Today, we’re opening up access to experiment with Gemini Nano to all Android developers with the AI Edge SDK via AICore. Developers will initially have access to experiment with text-to-text prompts on Pixel 9 series devices. Support for more devices and modalities will be added in the future. Check out our documentation and video to get started. Note that experimental access is for development purposes, and is not for production usage at this time.


Fast, private and cost-effective on-device AI

On-device generative AI processes prompts directly on your device without server calls. It offers many benefits: sensitive user data is processed locally on the device, full functionality without internet connectivity, and no additional monetary cost for each inference.

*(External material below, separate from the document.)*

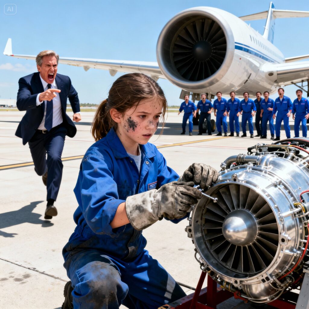 A very thin girl appeared in the hangar door, wearing a ripped dress and with her hair whipped by the wind. Her fingers were black with grease, and her eyes were fixed on the engine. The engineers laughed, and the boss, Sam, mocked her. But when she accurately described the whistling sound heard during landing and the engine’s behavior, Andrew raised his hand and said, “Give her the gloves.”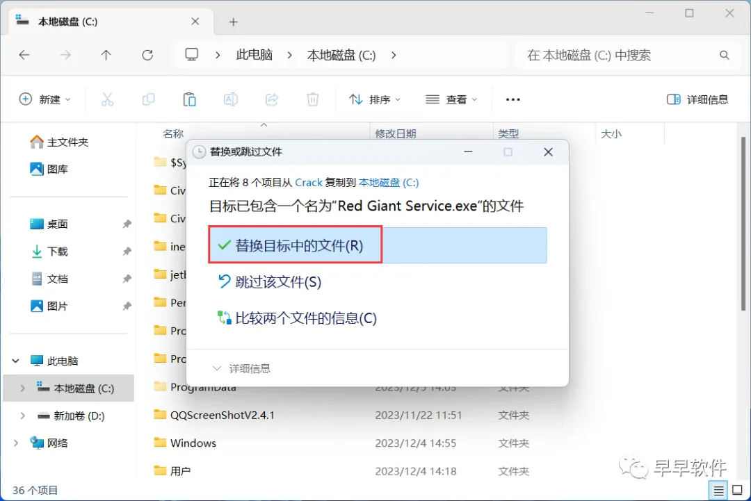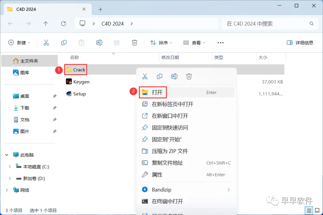 9、回到C4D 2024文件夹,找到【Crack】文件夹,右键【打开】它

Since on-device generative AI models run on devices with less computational power than cloud servers, they are significantly smaller and less generalized than their cloud-based equivalents. As a result, the model works best for tasks where the requests can be clearly specified rather than open-ended use cases such as chatbots. Here are some use cases you can try:

    • Rephrasing - Rephrasing and rewriting text to change the tone to be more casual or formal.
    • Smart reply - Given several chat messages in a thread, suggest the next likely response.
    • Proofreading - Removing spelling or grammatical errors from text.
    • Summarization - Generating a summary of a long document, either as a paragraph or as bullet points.

Check out our prompting strategies to achieve best results when experimenting with the above use-cases. If you want to test your own use case, you can download our sample app for an easy way to start experimenting with Gemini Nano.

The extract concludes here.